Using AI, Startup Mines Health Care Data to Improve Patient Care

Imagine reading six million pages of text or scrolling through 200,000 photos on your smart phone. That is the amount of data, on average, that a doctor should comb through to diagnose and treat a single patient. Most of this information is contained in clinical text, which is difficult to analyze by conventional data analysis methods because it almost always contains errors and is riddled with missing information. As a result, critical information often remains undetected, which can lead to unfortunate consequences. One is adverse drug events, the fourth-leading cause of death in the United States and estimated to cost close to $140 billion per year.

A Columbia startup, Droice, is using artificial intelligence to help doctors make sense of clinical data. "Artificial intelligence is critical to the future of medicine," said Harshit Saxena, a Droice cofounder who just graduated with a master's degree in computer science. He and three other Columbia graduate students—Mayur Saxena (no relation to Harshit), Tasha Nagamine from the Electrical Engineering department, and Aleksandr Makarov—created a platform to assist doctors in choosing an appropriate treatment, whether it is drugs, medical devices, surgeries, lab tests, or other interventions.

Their platform analyzes possible treatment combinations for severalcommon conditions, including diabetes, asthma, and heart disease, which together are responsible for 80 percent of all U.S. prescriptions.

Choosing an appropriate treatment is incredibly complicated. “Every patient is unique,” Harshit Saxena said. “Every treatment should be tailored to the individual sitting in front of the doctor.” It is not easy. More than 2,000 drugs are prescribed in the U.S.; asthma alone has more than 100 FDA-approved drugs. Each drug performs differently depending on a patient’s age, sex, genetic profile, and co-conditions that include diseases, susceptibilities, and allergies. Doctors must also consider a multitude of relevant scientific literature, clinical trials, and FDA guidelines.
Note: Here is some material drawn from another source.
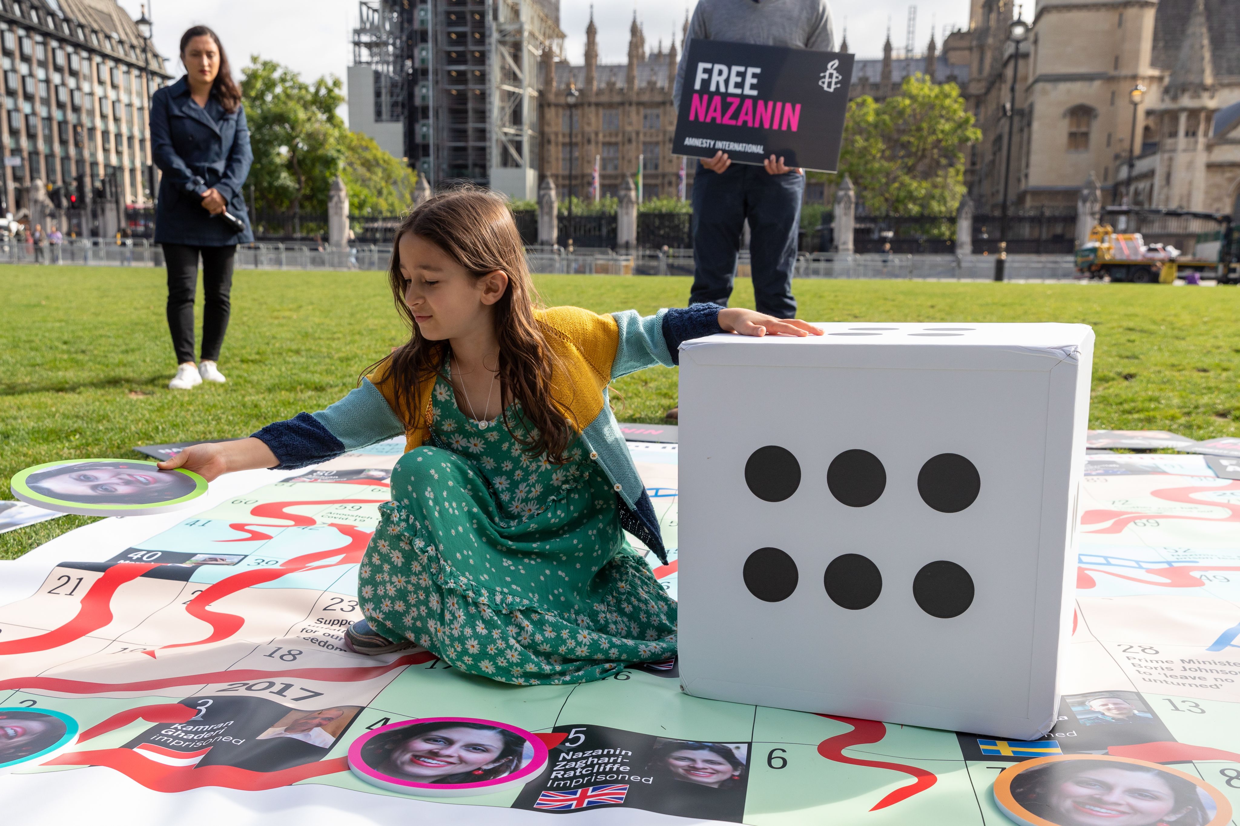 Gabriella Ratcliffe plays a game of giant snakes and ladders in support of her mother, in Parliament Square in London on September 23, 2021 – the 2,000th day of her mother's detention in Iran. EPA

Nagamine, who researches machine learning for her PhD in Prof. Nima Mesgarani's lab, explains that traditional methods for choosing a treatment plan can be difficult to use in such a complex setting. “The answer lies in artificial intelligence—more specifically, in advanced natural language processing, which can analyze huge amounts of patient information in the form of text from electronic health records. This gives us critical insights into the best treatment strategy for a patient, which might otherwise be impossible for a doctor to find,” she said.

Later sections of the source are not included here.